As many people with an interest in biblical studies are aware, the flood story in GE predates Genesis by many centuries and is itself borrowed from an earlier Sumerian work called Atrahasis. A Canaanite version has been found among the Ugaritic texts of Ras Shamra. The same flood story was retold in Greek by the Babylonian priest Berossus, and localized Greek versions of the story also existed. But just how similar is the story in Genesis to its antecedents? 

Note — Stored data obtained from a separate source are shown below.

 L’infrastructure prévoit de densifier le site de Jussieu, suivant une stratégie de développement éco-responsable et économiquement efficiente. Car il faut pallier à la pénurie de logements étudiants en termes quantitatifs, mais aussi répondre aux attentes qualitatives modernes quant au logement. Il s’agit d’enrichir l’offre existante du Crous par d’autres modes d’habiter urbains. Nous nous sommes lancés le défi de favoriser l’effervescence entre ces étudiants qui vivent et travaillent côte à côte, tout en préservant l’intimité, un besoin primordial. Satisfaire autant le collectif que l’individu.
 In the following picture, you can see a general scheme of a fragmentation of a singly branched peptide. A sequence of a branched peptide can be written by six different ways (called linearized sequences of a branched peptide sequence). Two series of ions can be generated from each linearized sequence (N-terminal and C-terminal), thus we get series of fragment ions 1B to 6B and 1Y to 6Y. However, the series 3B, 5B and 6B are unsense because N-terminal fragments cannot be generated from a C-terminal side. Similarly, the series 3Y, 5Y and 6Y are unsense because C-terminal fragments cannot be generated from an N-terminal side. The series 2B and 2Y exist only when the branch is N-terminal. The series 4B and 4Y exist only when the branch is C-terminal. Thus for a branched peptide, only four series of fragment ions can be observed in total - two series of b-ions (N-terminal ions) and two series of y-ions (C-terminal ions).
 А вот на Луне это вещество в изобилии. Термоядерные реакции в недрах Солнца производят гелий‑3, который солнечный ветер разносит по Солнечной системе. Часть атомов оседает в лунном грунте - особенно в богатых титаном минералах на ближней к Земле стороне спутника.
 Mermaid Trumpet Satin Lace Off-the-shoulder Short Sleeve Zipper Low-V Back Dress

Really similar. Really, really similar. Every story beat and even numerous extraneous details are the same. For example:

Gilgamesh Epic Tablet 11Genesis 6–9
The gods decide to destroy mankind.Yahweh decides to destroy mankind.
Ea instructs Utnapishtim to build a boat and take aboard specimens of all animals.Yahweh instructs Noah to build an ark and take aboard one or seven pairs of all animals.
Ea gives precise dimensions for a boat with a roof.Yahweh* gives precise dimensions for an ark with a roof.
Utnapishtim builds the boat and coats it with pitch.Noah builds the ark and coats it with pitch.
After Utnapishtim, his family, the craftsmen, and the animals board, a great rain storm comes.After Noah, his family, and the animals board, the rain begins to fall.
The rain lasts for seven days.The rain lasts for forty days.
The boat comes to rest on a mountain.The ark comes to rest in some mountains.
Utnapishtim sends out a dove, a swallow and a raven to find dry land.Noah sends out a raven and a dove to find dry land.
Utnapishtim offers a sacrifice whose odor attracts and mollifies the gods.Noah offers a sacrifice whose odor pleases Yahweh.
The gods no longer wish to destroy mankind with a flood.Yahweh resolves never to destroy all mankind with a flood again.
Ea proposes new rules for punishing individual wrongdoers.Yahweh* establishes new rules for punishing individual wrongdoers.

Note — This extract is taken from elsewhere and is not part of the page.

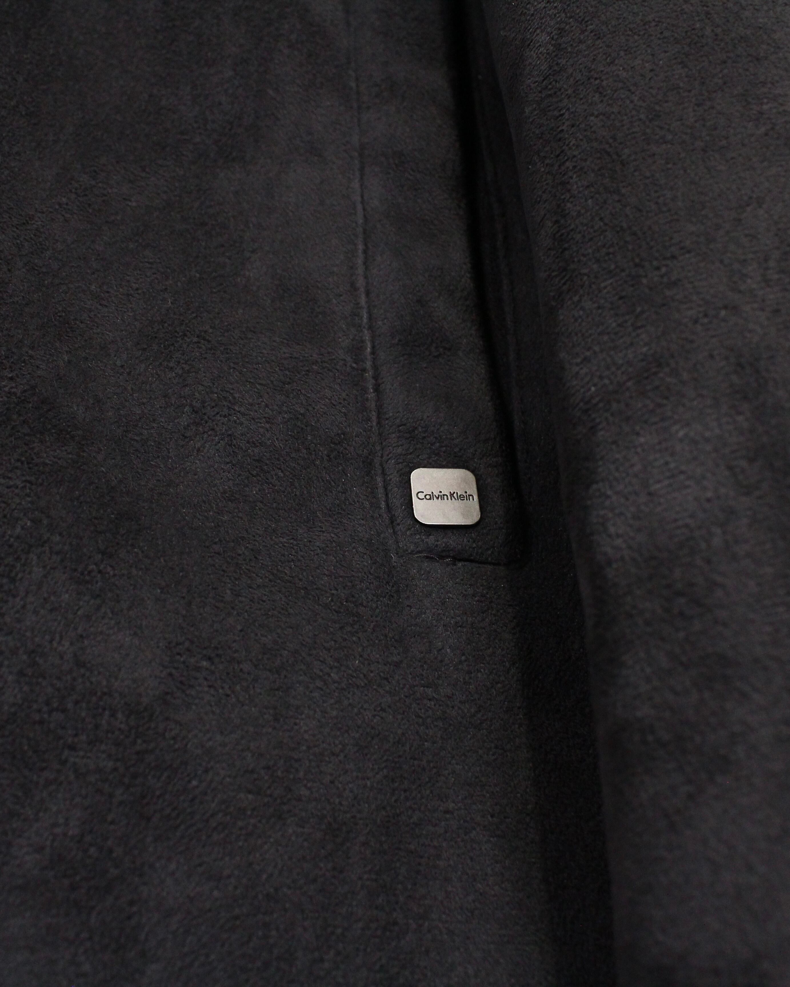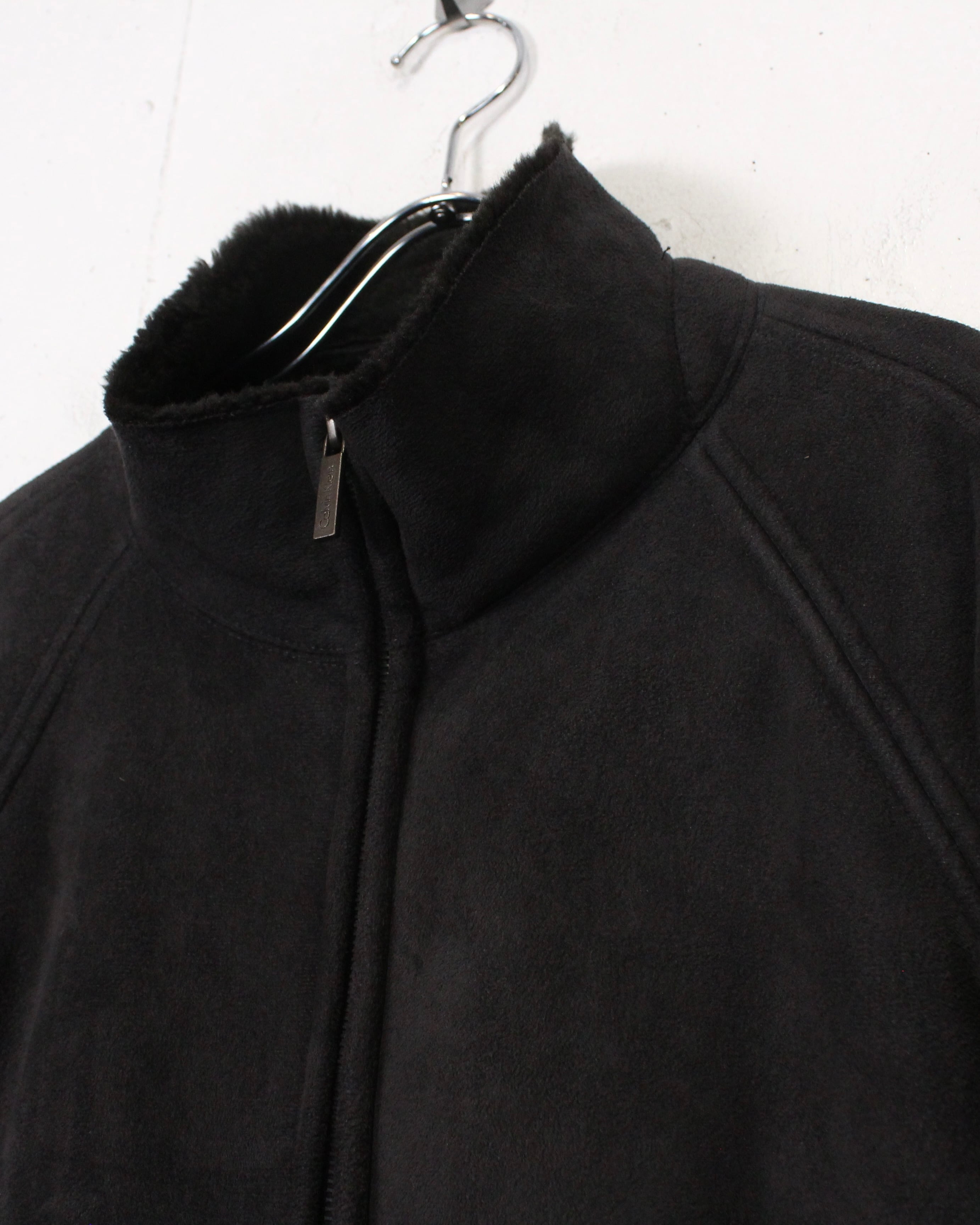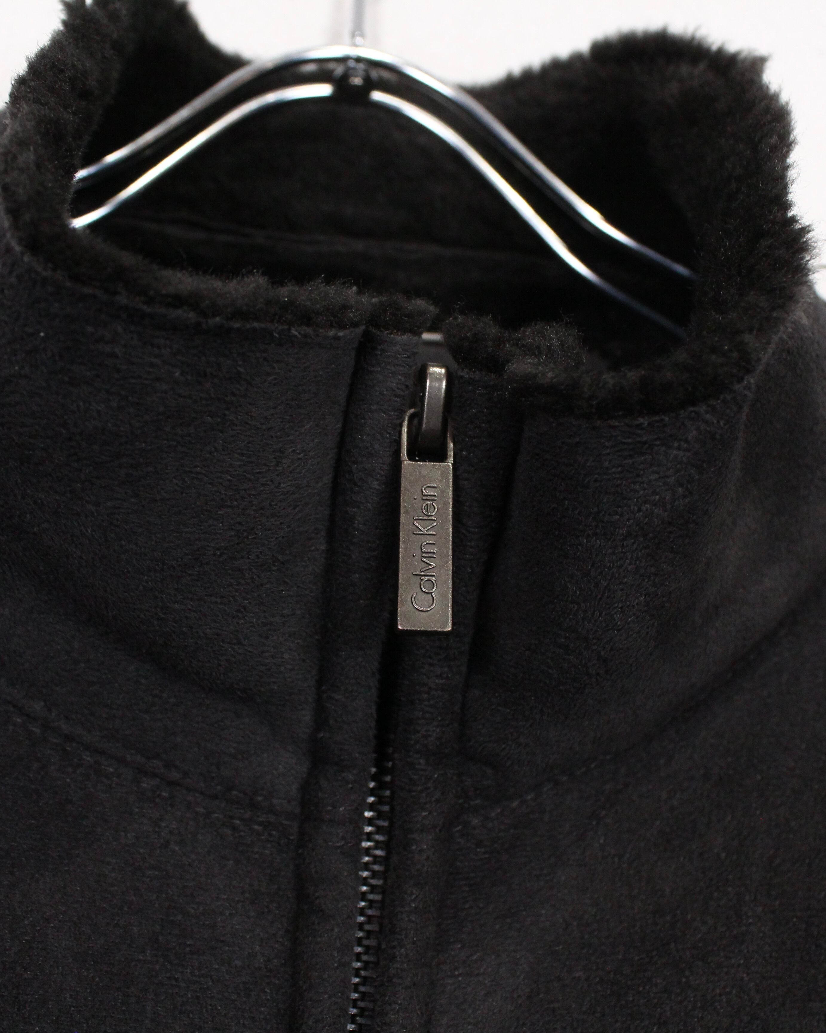 襟元から内側にかけて配されたボア仕様が、デザインとしてのアクセントと防寒性を両立。フロントはジップアップで、ポケット配置や切り替えラインも極めてミニマルにまとめられ、Calvin Kleinらしい引き算の美学が感じられます。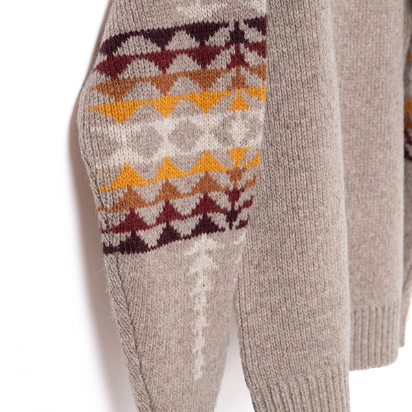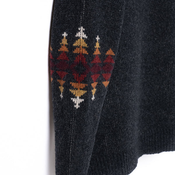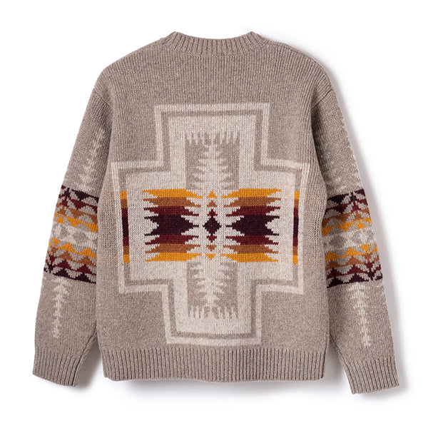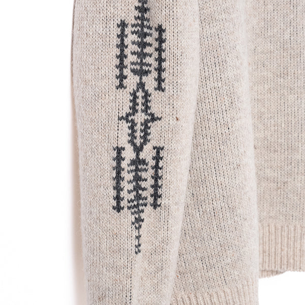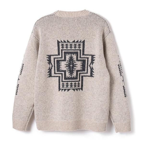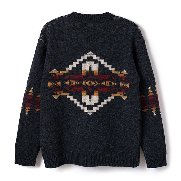 独特の風合いの5ゲージの粗目な編み目とバックの大胆なネイティブ柄で存在感のあるアイテムに仕上がっているので、コーディネートに困ったらとりあえずコレ!なヘビロテアイテムになること間違いなしです。

 (*For simplicity’s sake, I am being consistent in calling the deity of the canonical text “Yahweh” even though the text switches between that name and “Elohim”.)

Etching by L. Friedrich after W. Kaulbach

Genesis’s Duelling Diluvian Duo

My previous article on the flood story focused on the formation of the Genesis story as a composite of two flood stories — one by the so-called Yahwist, and one by the Priestly writer. Many scholars also agree that the Yahwist version was earlier, and that the Priestly version is a rewrite of that Yahwist story that was originally intended to stand alone as a separate composition. (For some examples, see Carr 1994, Petersen 2007, Lemche 2012, and Wöhrle 2016.) While it is not uncommon to find parallel stories by the Yahwist and Priestly writers appearing separately in Genesis, the final editor had no choice but to combine the two flood stories into one, since, as Jean-Louis Ska pithily observes, “The universe could only be destroyed once, and it was therefore difficult to relate the event two times.” (Ska, p. 65)

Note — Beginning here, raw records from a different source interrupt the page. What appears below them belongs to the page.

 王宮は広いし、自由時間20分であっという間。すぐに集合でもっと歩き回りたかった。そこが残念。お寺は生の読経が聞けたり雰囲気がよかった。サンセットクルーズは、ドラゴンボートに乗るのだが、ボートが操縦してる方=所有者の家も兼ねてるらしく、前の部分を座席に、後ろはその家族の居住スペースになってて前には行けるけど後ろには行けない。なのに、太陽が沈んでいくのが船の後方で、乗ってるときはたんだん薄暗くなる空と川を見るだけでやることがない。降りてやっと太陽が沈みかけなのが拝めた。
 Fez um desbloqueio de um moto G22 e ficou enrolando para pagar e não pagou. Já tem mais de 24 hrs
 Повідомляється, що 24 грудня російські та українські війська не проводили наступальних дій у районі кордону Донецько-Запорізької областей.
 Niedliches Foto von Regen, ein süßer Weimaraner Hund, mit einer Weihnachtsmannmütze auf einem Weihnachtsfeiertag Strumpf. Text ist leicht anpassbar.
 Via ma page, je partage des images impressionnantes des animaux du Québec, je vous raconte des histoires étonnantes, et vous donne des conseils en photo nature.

It follows, then, that the Yahwist version is directly dependant on earlier Mesopotamian flood traditions, particularly GE; and, not surprisingly, it seems to follow those traditions more closely than the Priestly version, retaining details such as the birds and the concluding sacrifice that the Priestly version omits or alters.¹

In fact, it is because the Yahwist hews so closely to the Mesopotamian tradition that the Priestly writer was compelled to rewrite and correct the story. As Niels Peter Lemche and David L. Petersen have highlighted in recent papers, the earlier Israelite flood tale lacks logical consistency with its new biblical context in certain places, and it presents a view of the Israelite deity that is not entirely flattering. Let’s take a look at some of the elements of the Yahwist’s flood story that the Priestly author was compelled to correct.

Dissent Among the Deities

J: Yahweh saw that the evil of man was great in the earth, and that every inclination of the thoughts of their hearts was only evil continually. … So Yahweh said, “I will blot out from the ground the men I have created … for I am sorry that I have made them.” (Gen. 6:5, 7)
P: Elohim saw that the earth was corrupt, for all flesh had corrupted its ways upon the earth. And Elohim said to Noah, “I have determined to make an end of all flesh, for the earth is filled with violence because of them; now I am going to corrupt them along with the earth.” (Gen. 6:12–13)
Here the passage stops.